I think the other argument to be made for buying airline stocks is essentially to just “buy the dips,” when things get bad, and the market overreacts. I’m reminded of the September 2025 Airlines Confidential podcast, hosted by Scott McCartney, where JPMorgan airline analysts Jamie Baker and Mark Streeter were guests (they’re both awesome guys, and you’ll hear Baker on just about every airline earnings call, and I always enjoy hearing his questions, as he doesn’t hold back).

They talked about JPMorgan’s airline investment strategy, and brought up the “down 30 in 30” trading rule. Essentially the idea is that if an airline stock loses 30% of its value in 30 trading days, there’s a high chance that this was an overcorrection, and the stock will go up quite a bit in the subsequent 180 trading days a large majority of the time.

The example they give (and this might not be 100% accurate, since they were going off memory) is that there were 29 instances where United (or pre-merger Continental) stock lost 30% of its value in 30 or fewer trading days.

The analysis was that if you purchased the stock at the very first instance where it dropped 30%, over the course of the following 180 trading days, there’s a 71% likelihood of generating greater than 50% returns, with the average being that the investment roughly doubles. And keep in mind you can do better than that potentially, since this doesn’t even assume buying at the bottom.

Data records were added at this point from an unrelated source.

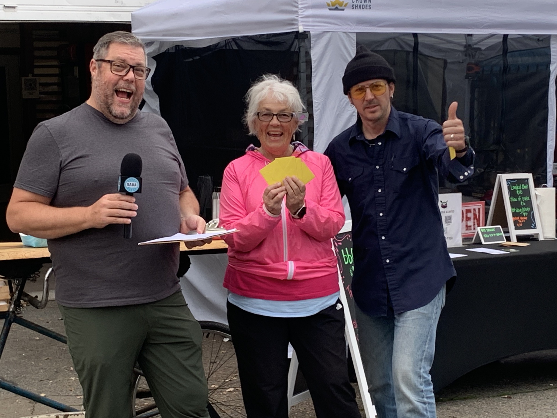 I met Lorge, Kimberly and Hal at Bella Bru at 11a on Saturday forSupermarket Sweep – a SABA-sponsored bicycle-powered food drive.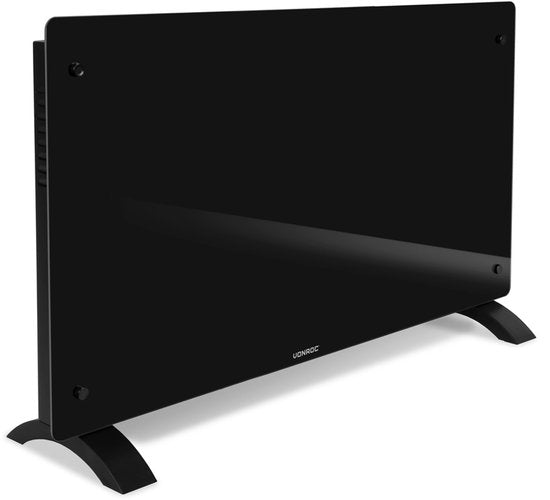 Chauffage électrique de luxe VONROC - Convecteur avec panneau en verre - 1250W/2500W- Chauffe les pièces jusqu'à 30m2 - Contrôlé par l'application (via Wifi) et manuellement - Thermostat et minuterie réglables - Noir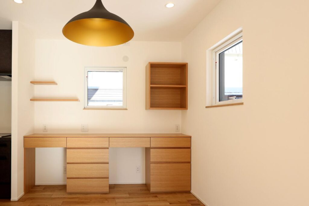 また、キッチンの並びに収納棚を造作。リビングで勉強する息子さんの勉強道具がしまえます。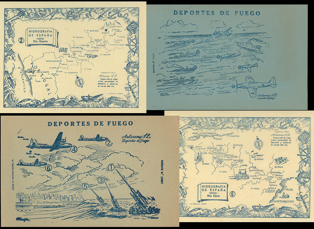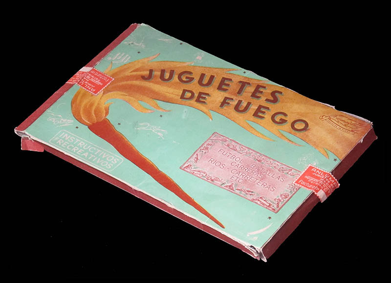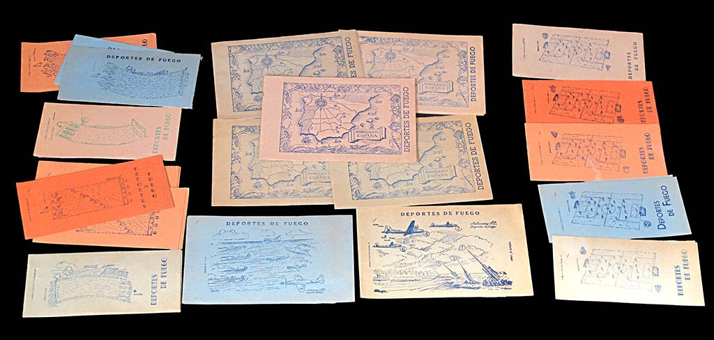 This is a box titled "Juguetes de fuego" (fire toys), which not only has sports games in it but also educational maps (with the course of eight different Spanish rivers) and a few war-based games. Inside the box, all the games (including war and geoghraphical games) are marked "deportes de fuego" (!!!)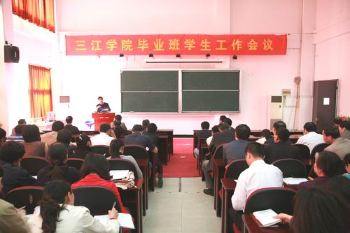 首先,学工部仇存进副部长介绍了本学期就业工作重点和就业形势、政策,以及提高学生就业能力所采取的具体措施和方法。教务处郭红副处长就2009届毕业生资格审查、学位资格审查、毕业实习、毕业论文、毕业生离校手续办理、毕业典礼安排、毕业生补考重修等方面作了介绍并布置了相关工作。学工部朱银亮部长介绍了本学期开学至今,在校行政和主管校长的直接领导下,beat365官网学生工作所取得的具体成绩;结合具体事例和现象分析了当前学生工作中存在的问题;对进一步改进学生工作提出了明确的要求。并对如何规范学生工作队伍建设、解决辅导员职称和个人发展问题提出了建议。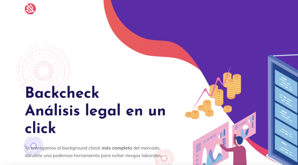 Análisis legales automatizados para antecedentes laborales, lo que comúnmente se conoce como background check. La plataforma compila y procesa información pública disponible en portales de transparencia y el sistema judicial chileno para entregar un informe predictivo sobre posibles riesgos asociados a futuros colaboradores. Operan en la industria de HRTech (tecnología para RRHH) y ofrecen una solución B2B para facilitar la toma de decisiones basada en datos legales públicos.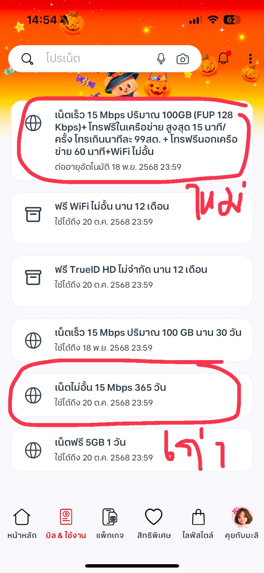 เมื่อวันที่ 20/10/68 ซิมเน็ตทรูเติมเงิน(รายปี) โปรเน็ต 15 Mbps ไม่จำกัด จะหมด เวลา 23.59 น. ของวัน ก็คิดอยู่ว่าจะซื้อซิมใหม่หรือเติมเงินไปดี(คุณพ่อก็ใช้เน็ตรายปีเหมือนกัน เบอร์ของเค้ามีข้อความแจ้งมาให้เติมเงินและสมัครไปได้โปรเดิม) ทางเราก็รอแต่ก็ไม่มีข้อความมา แต่เวลา 13.37 น. วันที่ 20/10/68 มีเจ้าหน้าที่โทรมาเสนอโปรเดิมให้ก็น่าสนใจ เจ้าหน้าที่แจ้งให้เติมเงินทิ้งไว้ 2090 บาท และได้โปรเน็ตเดิม

The idea is that when the market has decided so quickly that things are so bad, the market has routinely been incorrect. Interestingly, during the recent Iran conflict, most airline stocks didn’t quite drop that much, though American did (probably because it’s the least financially secure among the “big four”). Before the conflict, on February 6, American’s stock price was $15.24, and within 30 trading days, it fell to $10.30, a decrease of well over 30%.

American Airlines stock price in 2026

A few months later, the stock is trading at $14.34 again (and days ago it was at $14.92), so that’s a nearly 50% increase in stock price within roughly a few months (and that’s not even 180 trading days).

Everyone should use their own judgment, but when you look at the charts, it does seem like one of the areas where airlines beat the market (on average) is when it comes to the depth of the dips, and the speed of recovery, given the industry’s volatility, and the panic selling that happens.

Interestingly, Baker and Streeter argued that long term they think it’s increasingly likely that you’ll be able to park money in airlines and generate above average returns on a three to five year horizon. If you time things right, that’s probably true. The issue is how few airlines are actually “healthy,” and just how much can change over a three to five year period.

Bottom line

Airlines are really tough businesses, and personally (as a non-financial expert), I fail to see merit to investing in them in the long run, given that we have access to a broader market. There are just so many other industries with better potential for higher returns, and with less volatility.

That being said, I’d argue there are two situations where you can come out ahead investing in airlines. One is if you think consolidation is likely, though that also comes with huge risks — there’s upside, but the airlines that are targets of consolidation also often aren’t in a great spot.

The other — and it’s still risky, but less so than hoping for a merger — is following the “down 30 in 30” trading rule. If an airline stock drops 30% in 30 trading days, it’s highly likely the stock will go up by at least 50% over the course of 180 trading days. There’s no guarantee, of course, but better than two-thirds odds sound pretty good to me, especially when the upside is often significantly more than 50%.

Where do you stand on buying airline stocks? Under what circumstances do you think it makes sense?